Pagar 20 céntimos por la bolsa no salva el planeta
¿Cuánto contamina de verdad una bolsa de plástico frente a la de papel que la sustituye? Menos de lo que sugiere el relato oficial. Cada compra en un supermercado español suma ya 20 céntimos por bolsa de un solo uso, y quien opta por la de papel paga entre 15 y 20 céntimos por un envase que no aguanta la vuelta a casa con frescos. El gesto se vende como conciencia ambiental. El problema es la aritmética.
¿Por qué se cobra la bolsa de plástico al consumidor?
La lógica oficial es simple: si duele en el bolsillo, se reutiliza. Y funciona a medias. Un sector del análisis admite que había excesos —bolsas gratis que se cogían a puñados sin ningún control— y que cierta disciplina era necesaria. En contra pesa el argumento de que el castigo se aplica al eslabón más débil de la cadena mientras la industria sigue sirviendo el mismo producto en porciones individuales con tres capas de envase. Pagar por el envase es, en la práctica, pagar dos veces: el sobrecoste del envasado y el recargo.

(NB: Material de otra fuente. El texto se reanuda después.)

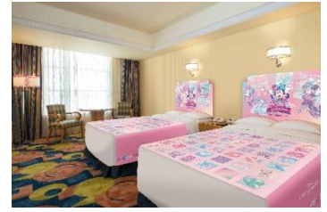
ディズニーアンバサダーホテル「ディズニー・パルパルーザ“ミニーのファンダーランド”」 スペシャルルーム

El dato que rompe el discurso: 10 ríos y redes de pesca
Aquí está el número incómodo. El 95 % del plástico que llega a los océanos procede de solo diez ríos, según los mapas que circulan sobre la cuestión. Y el componente principal de las grandes islas de plástico no son las bolsas del supermercado, sino las redes de pesca, de probable origen asiático. La geografía importa: los cauces más contaminados están en África y Asia. Mientras Europa discute los tapones solidarios y las pajitas, los focos reales del vertido siguen donde estaban.
Pajitas, chupachups y tapones: la lista de sacrificios inútiles
La prohibición de las pajitas moviliza a mucha gente. El cálculo que más se repite es que la suma del plástico gastado en pajitas ronda los diez gramos al año por persona. Diez gramos. La sustitución por cartón ha generado su propia paradoja: hay análisis que sostienen que las de cartón contaminan más, porque ocupan más volumen en el transporte para que no se doblen. Lo mismo con los palos de chupachups, ahora de papel y de tacto discutible. Y mientras, nadie contabiliza los miles de millones de mascarillas tiradas sin control.

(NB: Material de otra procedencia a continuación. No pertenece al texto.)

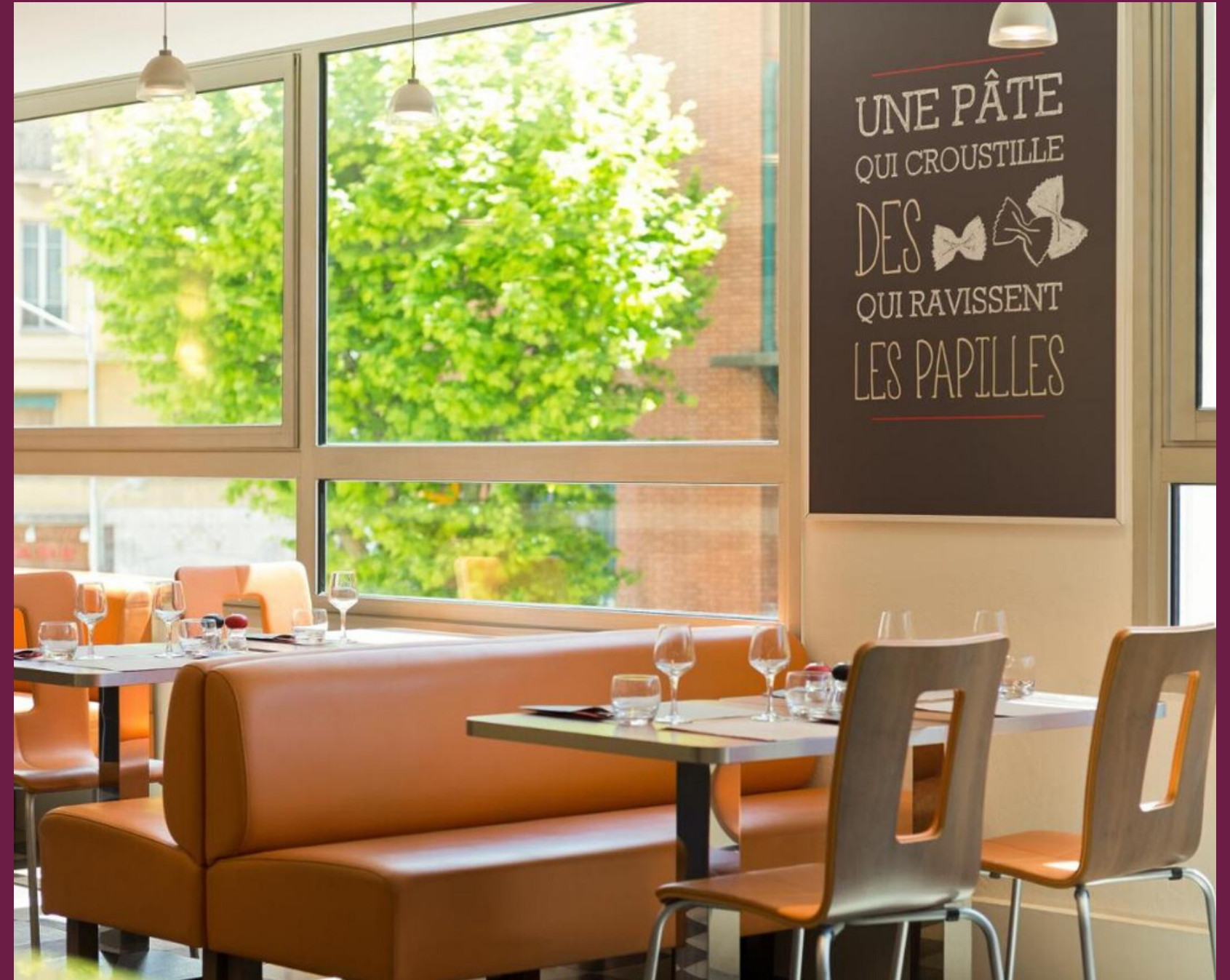
Un restaurant dans l'hôtel avec des petites déjeuners copieux et des formules accessibles.

La bolsa de rafia que llamamos de tela
Ni las alternativas son tan verdes como se venden. Las bolsas reutilizables de muchos supermercados son rafia —tejido vegetal— laminada con plástico. Las de plástico duro aguantan decenas de usos, pero se rompen antes que las de toda la vida. Y la de tela exige algodón, agua y transporte. El consumidor que quiere cumplir acaba cargando con el coste y con la culpa. Hay quien ya calcula cuánto valdría revender en un portal de segunda mano el stock de bolsas antiguas guardado en casa.
Veinte céntimos, quince, diez. La próxima vez la apuesta será el aluminio. Si el objetivo era salvar el planeta, alguien tendrá que explicar por qué el único que paga es el que empuja el carro.